R ⁴ - [R ¹ - N = C = N] "- R ⁵ (I)

in which

n is an integer from 3 to 100,

R ¹ , R ⁴ and R ^{5 are} each independently linear or branched, aliphatic or cyclo-aliphatic, optionally substituted groups having 1 to 100 carbon atoms, for the fixation of structures on hair.

11. A cosmetic method of creating a decorative effect on hair, at least with the steps of

0) If necessary Dyeing or shaping the hair,

1) applying a composition to the hair, wherein the composition comprises at least one carbodiimide of the formula (I),

R ⁴ - [R ¹ - N = C = N] "- R ⁵ (I) where

n is an integer from 3 to 100,

R ¹ , R ⁴ and R ⁵ each independently represent linear or branched, aliphatic or cyclo-aliphatic, optionally substituted groups having 1 to 100 C atoms,

on the hair.

12. The method of claim 11, wherein the composition after application to the hair remains at least partially thereon.

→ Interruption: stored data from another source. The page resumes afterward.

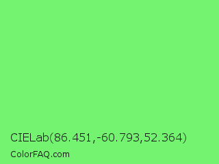 CIELab 86.451,-60.793,52.364 Color is a light green color and the nearest color is Screamin Green #66ff66. Hex code #73f36f and RGB value is rgb(115,243,111). In RGB color space, this color is composed of 45% red, 95% green, 44% blue, In CMYK color space, this color is composed of 53% cyan, 0% magenta, 54% yellow , 5% black , In HSL color space, this color has a hue angle of 118° , 85% saturation and 69% lightness.
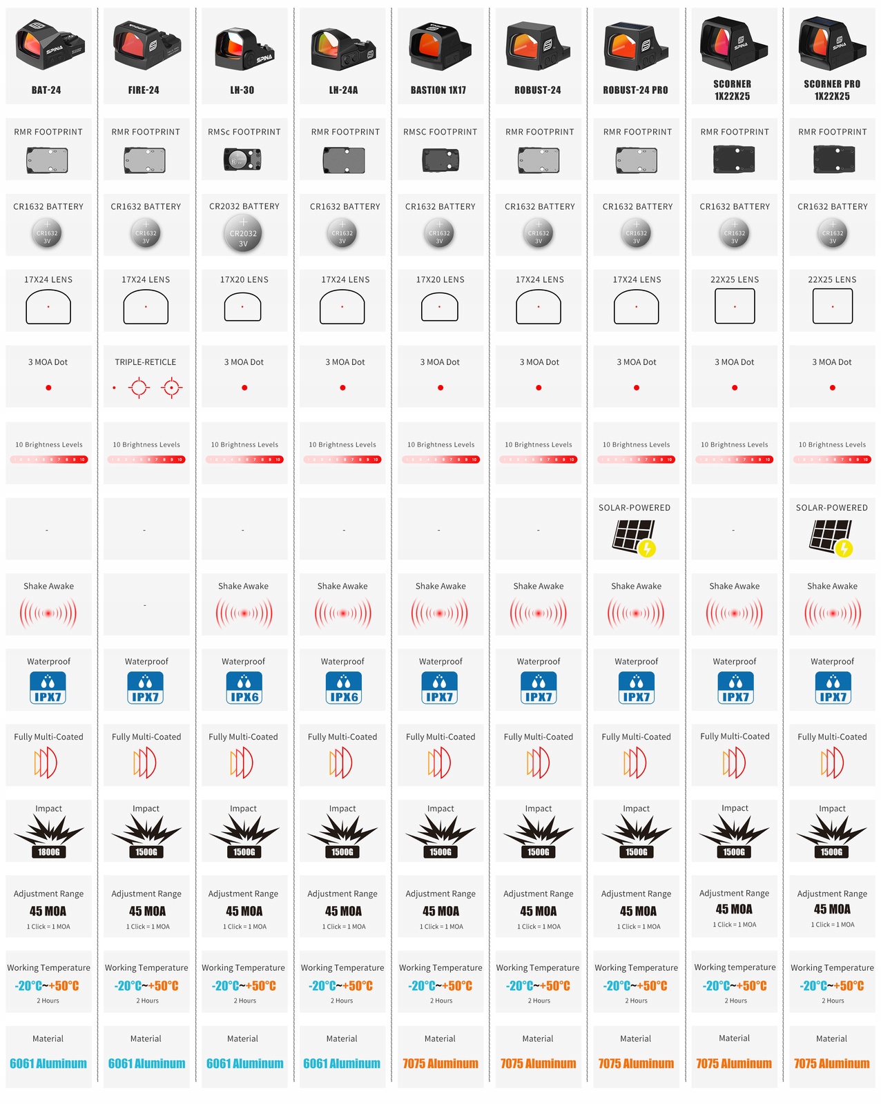 Коліматор SPINA BAT-24 — це вдосконалений оптичний приціл, який забезпечує точність і надійність за будь-яких умов. Оснащена точкою прицілювання 3 MOA та лінзами з антибліковим покриттям Red Film, ця модель гарантує швидке та точне захоплення цілі. Завдяки вбудованому мікроперемикачу і функції Shake Awake пристрій автоматично включається після мінімального руху, економлячи енергію. Можливість регулювати інтенсивність підсвічування (8 денних рівнів і 2 для режиму нічного бачення) робить його універсальним інструментом для використання як вдень, так і вночі. BAT-24 є водонепроникним (IPX7), витримує удари до 1800G, а час його роботи становить до 50 000 годин від однієї батареї CR1632.
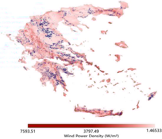 To provide a visual representation of the land eligibility for onshore wind turbines, Figure 9 presents a map where the eligible area constitutes 16,055 km2, accounting for 12.16% of the total Greek area. Additionally, Figure 10 combines the predicted wind turbine locations with the mean WPD map of Greece. These figures demonstrate that the projected wind turbine sites are concentrated in Western Macedonia and Northern Thessaly, the eastern part of Central Greece, the Peloponnese, and the islands of Crete and Rhodes. As mentioned in Section 4.1, areas with a higher mean WPD are predominantly situated in mountainous regions with high altitudes. However, most eligible areas predicted by GLAES are distributed across flat terrain with relatively low mean WPD values. Only a few areas with a high mean WPD, such as the island of Crete and the junction area of the southern part of Central Greece and Attica, can support wind turbine construction.
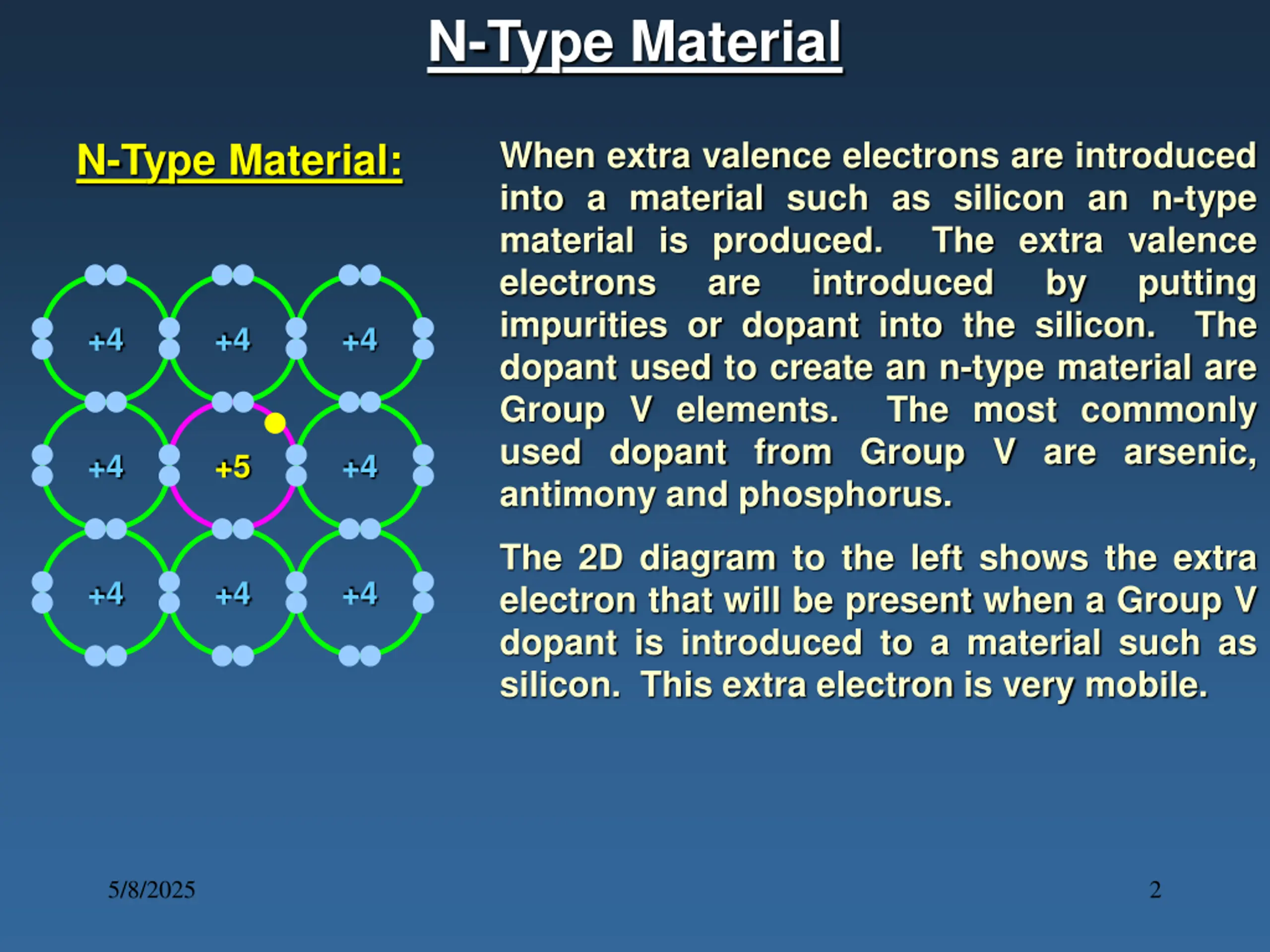 N-Type Material When extra valence electrons are introduced into a material such as silicon an n-type material is produced. The extra valence electrons are introduced impurities or dopant into the silicon. The dopant used to create an n-type material are Group V elements. The most commonly used dopant from Group V are arsenic, antimony and phosphorus. N-Type Material: by putting +4 +4 +4 +4 +5 +4 The 2D diagram to the left shows the extra electron that will be present when a Group V dopant is introduced to a material such as silicon. This extra electron is very mobile. +4 +4 +4 5/8/2025 2

13. The method according to any one of claims 11 or 12, wherein in a further step 2) a further composition is applied to the hair, which includes at least one film former.

14. The method according to any one of claims 11, 12 or 13, wherein step 2) takes place before step 1).

15. The method according to any one of claims 11 to 14, wherein before, during and / or after the steps 1) or 2), a heating of the hair takes place.